Traders work on the floor of the New York Stock Exchange (NYSE), May 10, 2023.

Brendan McDermid | Reuters

Stock futures were lower Monday as the attack on Israel by Palestinian militants adds geopolitical risk to an already fragile market dealing with inflation and surging interest rates.

Futures tied to the Dow Jones Industrial Average fell 170 points, or 0.5%. S&P 500 futures lost 0.6%, while Nasdaq 100 futures slipped 0.8%.

The Israeli-Palestinian conflict escalated to full-blown war on Saturday after militant group Hamas staged an invasion, to which Israel was seemingly caught off guard. Israeli Prime Minister Benjamin Netanyahu asserted that Hamas “will pay a price it has never known before.”
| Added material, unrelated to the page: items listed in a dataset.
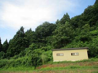 | 南方から遠望する城の山。 | この小屋の脇から登城道が付けられていたというが、現状ではヤブに埋もれてしまっている。 |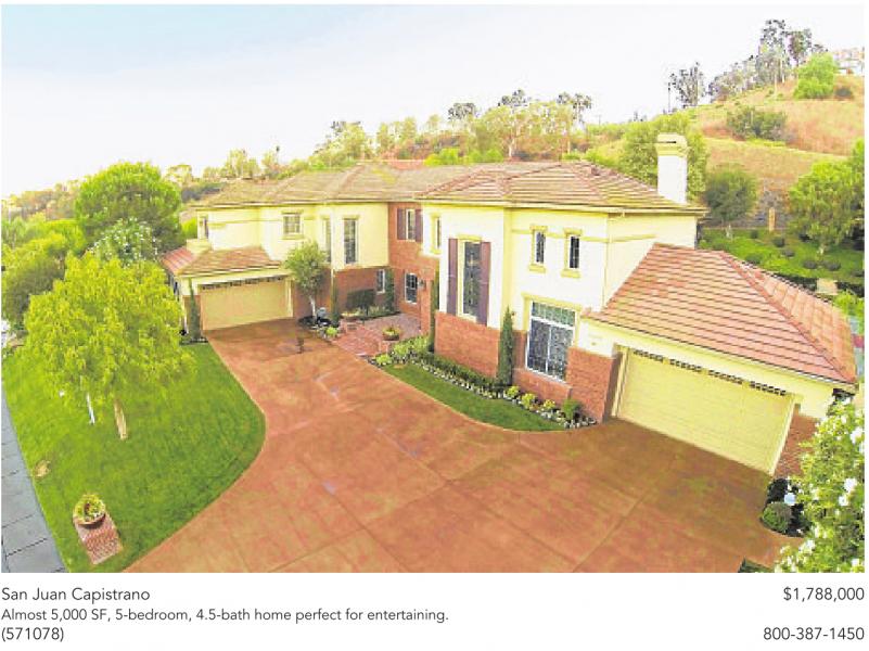 San Juan Capistrano $1,788,000 Almost 5,000 SF, 5-bedroom, 4.5-bath home perfect for entertaining. (571078) 800-387-1450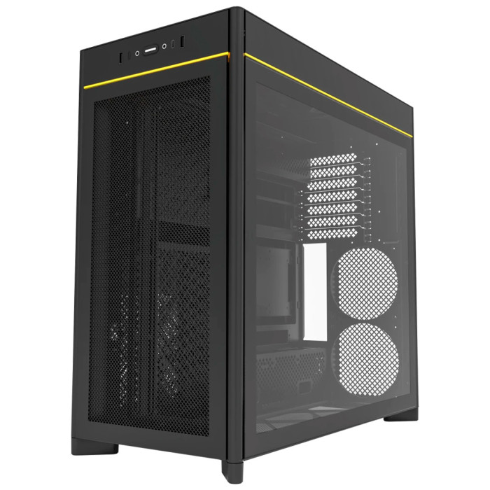 Блок живлення розташовується у верхній частині корпуса, що сприяє кращому управлінню кабелями та підтримці чистоти всередині системи. Монтажні можливості корпусу MONTECH HS01, доповнені прозорим вікном на бічній панелі та інтегрованою світлодіодною підсвіткою, роблять його особливо привабливим для тих, хто хоче продемонструвати внутрішню красу своєї збірки.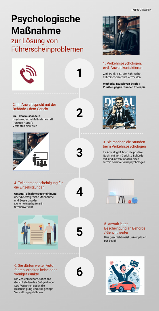 Zeigen sie sich besonders positiv motiviert und auch fähig, kann in Berlin mit einem Fahreignungsseminar oder einer anderen verkehrspsychologische Maßnahme und etwas Geschick eines Rechtsanwaltes sogar ein Strafverfahren gegen Auflage eingestellt werden. Im Idealfall kann in Berlin mit einem erweiterten Fahreignungsseminar sogar eine MPU vermieden werden. Ein Tausch von Punkten gegen verkehrspsychologische Beratung und Besserung des Fehlverhaltens ist aber meist immer drin. Hierzu müssen sie allerdings auch wirklich etwas an ihrem Verhalten ändern wollen. Dies können sie mit einem Fahreignungsseminar in Berlin direkt tun. Ihr Rechtsanwalt bekommt dann von uns eine kurze verkehrspsychologische Stellungnahme, sodass er mit der Ordnungs- oder Strafverfolgungsbehörde einen Deal aushandeln kann (verkehrspsychologische Einzelsitzungen im Tausch gegen Punkte oder Strafe).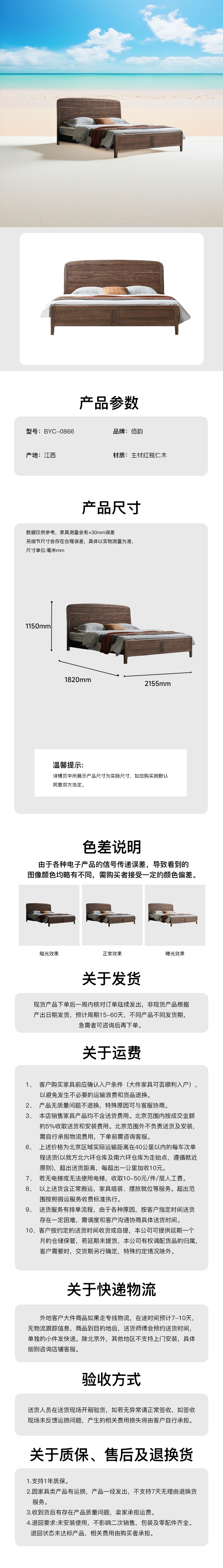 苔原实木床主材红榄仁木 BYC-0866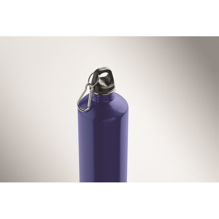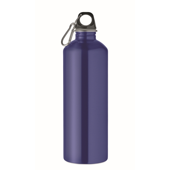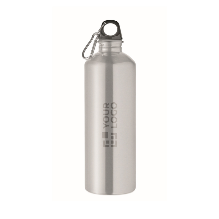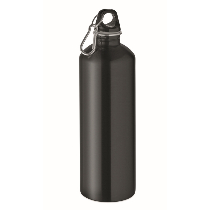 Einwandige Flasche aus Edelstahl (90 % recycelt und 10 % Edelstahl), konzipiert für den täglichen Einsatz im Büro oder unterwegs. Sie verfügt über einen PP-Deckel mit Karabiner, um sie an einem Rucksack, einer Tasche oder einem Lagerhaken aufzuhängen. Das Fassungsvermögen von 1000 ml hilft, Nachfüllvorgänge während des Tages zu reduzieren. Da sie einwandig ist, kann es bei kalten oder heißen Getränken zu Wärmeübertragung kommen. Praktische Option für Willkommenssets oder Firmenevents.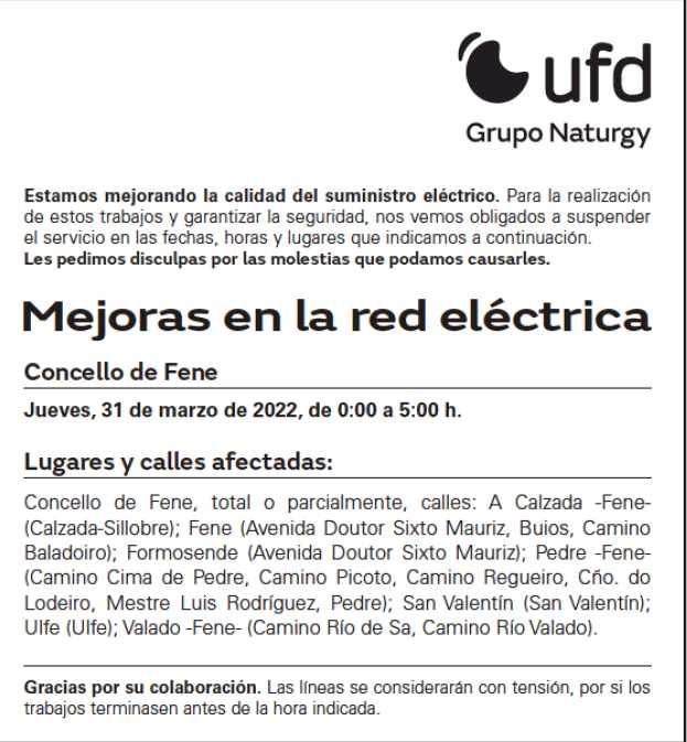 Aviso corte rede eléctrica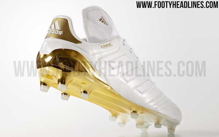Die Limited-Edition Crowning Glory Adidas Copa 17 Schuhe, die sich durch ein Design auszeichnen, das dem jüngst vorgestellten Stellar Pack recht ähnlich ist, sind weiß mit goldenen Akzenten. Die goldene Farbe wird vor allem für den hinteren Teil der Außensohle der Adidas Copa 17.1 Crowning Glory Fußballschuhe verwendet, während die Details an der Ferse und viele Markenzeichen ebenfalls in "Gold-Metallic" gehalten sind.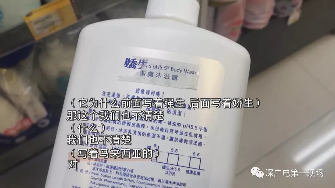 記者又去到毗鄰中英街市監(jiān)所的這家店,它這里同樣外包裝的強(qiáng)生沐浴露,瓶子背面的印刷卻全是英文,和其他店的版本一樣,側(cè)面貼有繁體中文標(biāo)識(shí)。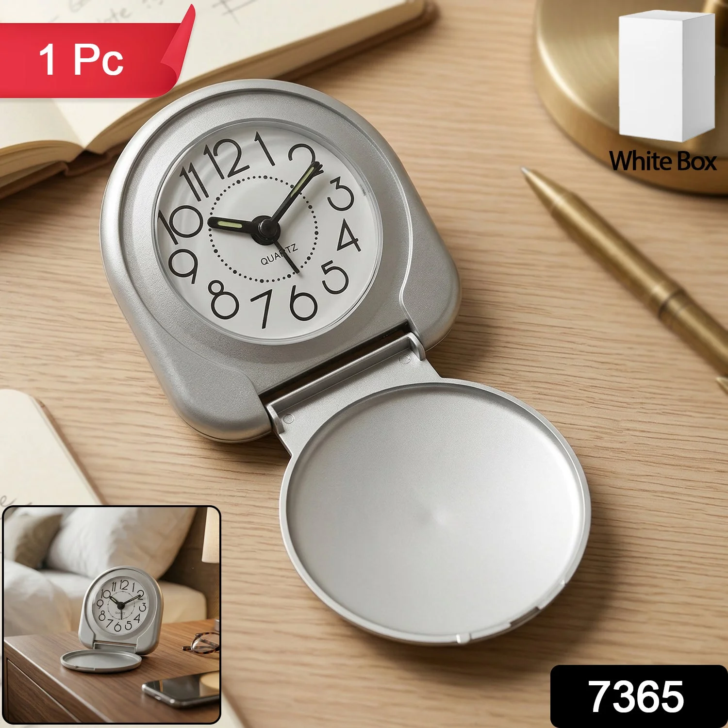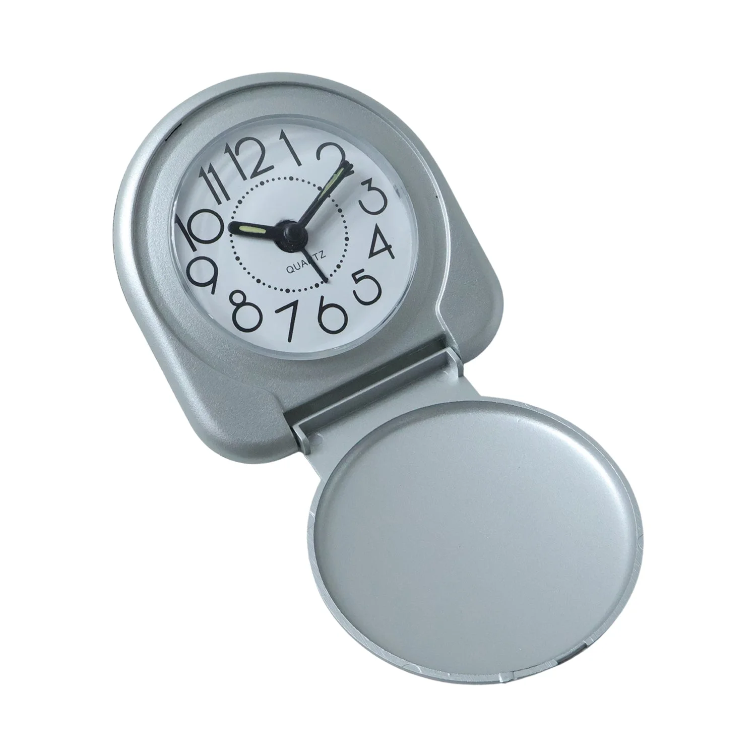 Compact Foldable Travel Alarm Clock 1 Pc – Portable Quartz Analog Alarm Clock with Protective Flip Cover Silent Operation Lightweight Bedside Desk Clock for Travel Home Office Use

WTI crude oil futures were up by 3.7% on Monday, trading above $85 per ounce.

The rising geopolitical tensions could have ramifications for the energy market, with some experts forecasting a “knee jerk surge” in oil. The rising tension could also serve to stoke further volatility in market that has kept traders worried with persistent inflation and higher interest rates.

Oil prices meaningfully pulled back below $90 per barrel last week, with Brent crude slipping roughly 11% and  U.S. West Texas Intermediate notching an 8% drop. While neither Israel nor Palestine are major players in the global energy picture, both nations are located in a key region for oil that could have broader implications.

OPEC+, the oil cartel that includes non-OPEC member Russia, will remain cautious on any moves to expand oil output further and change plans for cuts, the Saudi Arabia’s energy minister Prince Abdulaziz bin Salman told CNBC on Sunday.

With the bond market closed on Monday for Columbus Day, Wall Street will have to wait until Tuesday for an update on interest rates.

All three major indexes finished last week higher despite a stronger-than-expected jobs report that initially pushed up Treasury yields and sent stocks lower. A hotter-than-expected jobs report from Friday showed hiring remains robust, with the economy adding 336,000 jobs last month. Wages, meanwhile, grew at a largely muted clip, which gave investors hope inflation was cooling.

Bond yields eased somewhat as stocks climbed Friday, but the10-year Treasury yield reached a 16-year high earlier in the week.